PROBLEM TO SOLVE
Return all of the data that follows precisely, leaving every image out.

RECORDED INFORMATION

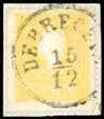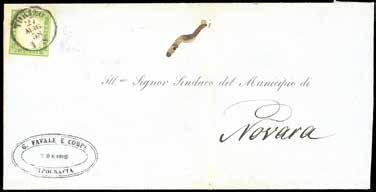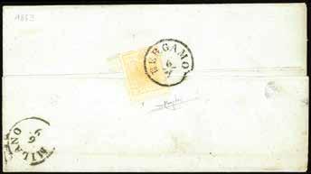 4 * 1853 - 5 cent. giallo ocra (1), ottimo stato, isolato al verso, come chiudilettera di circolare a stampa da Bergamo 6/9/1853 a Milano. Raro uso isolato al verso del francobollo, in contrasto con la normativa postale. Cert. Raybaudi.
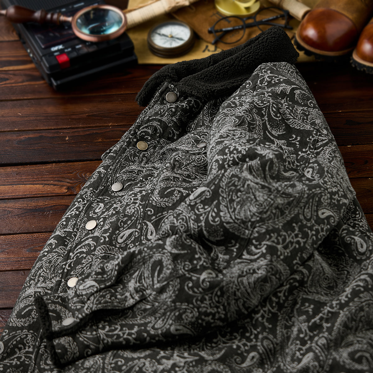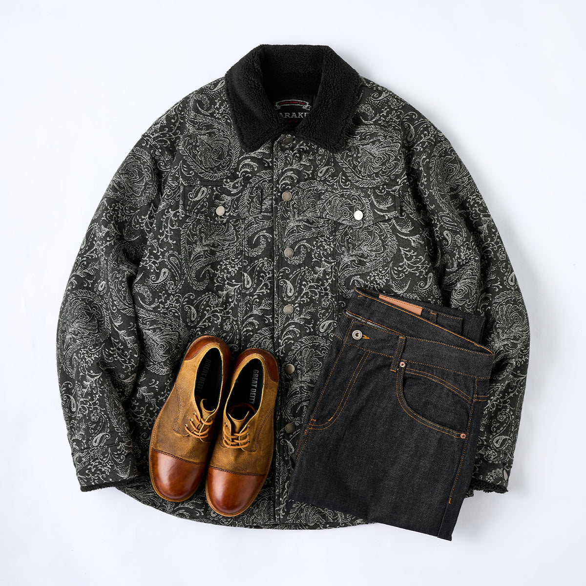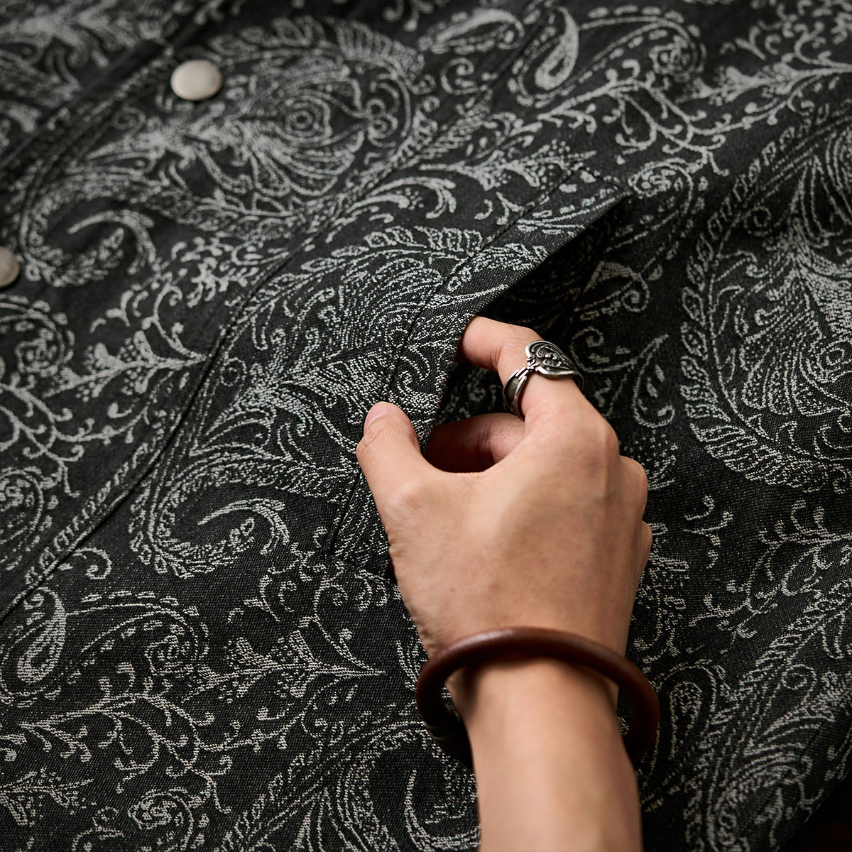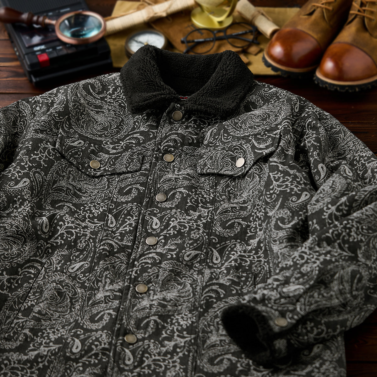 【사전예약】기모 안감 자카드 페이즐리 올오버 패턴 데님 자켓
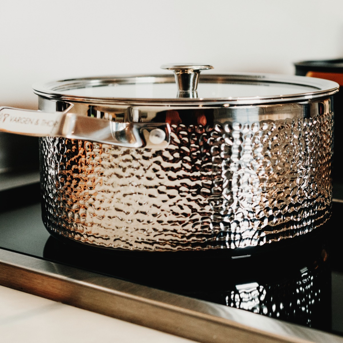 PIXEL is a pot measured to 4 L from us, Vargen & Thor, in a unique hammered surface in shimmering stainless steel. A perfectly large pot that is stylishly matched with the other models in the KROMA series. Detail: Works on all hobs, including gas and induction 24 cm diameter 4 L volume Heat-safe handles 2.5 mm aluminum Dishwasher safe 304 stainless steel lid (included) 201 stainless steel handle It's in the details. Stainless, polished steel together with an aluminum core creates a fast and perfect heat dissipation. Exterior in our iconic vibrant pattern. Glass lid with Vargen&Thor engraved logo
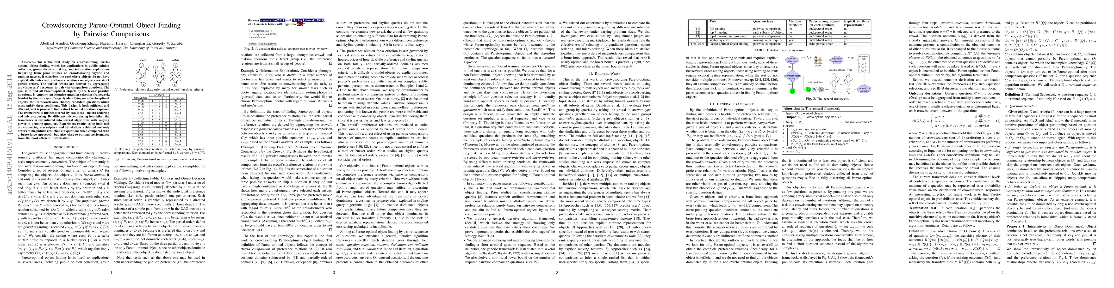 This study introduces a framework for crowdsourcing Pareto-optimal object finding using pairwise comparisons, achieving significant reductions in questions compared to brute-force approaches.

RESPONSE BOX
 4 * 1853 - 5 cent. giallo ocra (1), ottimo stato, isolato al verso, come chiudilettera di circolare a stampa da Bergamo 6/9/1853 a Milano. Raro uso isolato al verso del francobollo, in contrasto con la normativa postale. Cert. Raybaudi.
 【사전예약】기모 안감 자카드 페이즐리 올오버 패턴 데님 자켓
 PIXEL is a pot measured to 4 L from us, Vargen & Thor, in a unique hammered surface in shimmering stainless steel. A perfectly large pot that is stylishly matched with the other models in the KROMA series. Detail: Works on all hobs, including gas and induction 24 cm diameter 4 L volume Heat-safe handles 2.5 mm aluminum Dishwasher safe 304 stainless steel lid (included) 201 stainless steel handle It's in the details. Stainless, polished steel together with an aluminum core creates a fast and perfect heat dissipation. Exterior in our iconic vibrant pattern. Glass lid with Vargen&Thor engraved logo
 This study introduces a framework for crowdsourcing Pareto-optimal object finding using pairwise comparisons, achieving significant reductions in questions compared to brute-force approaches.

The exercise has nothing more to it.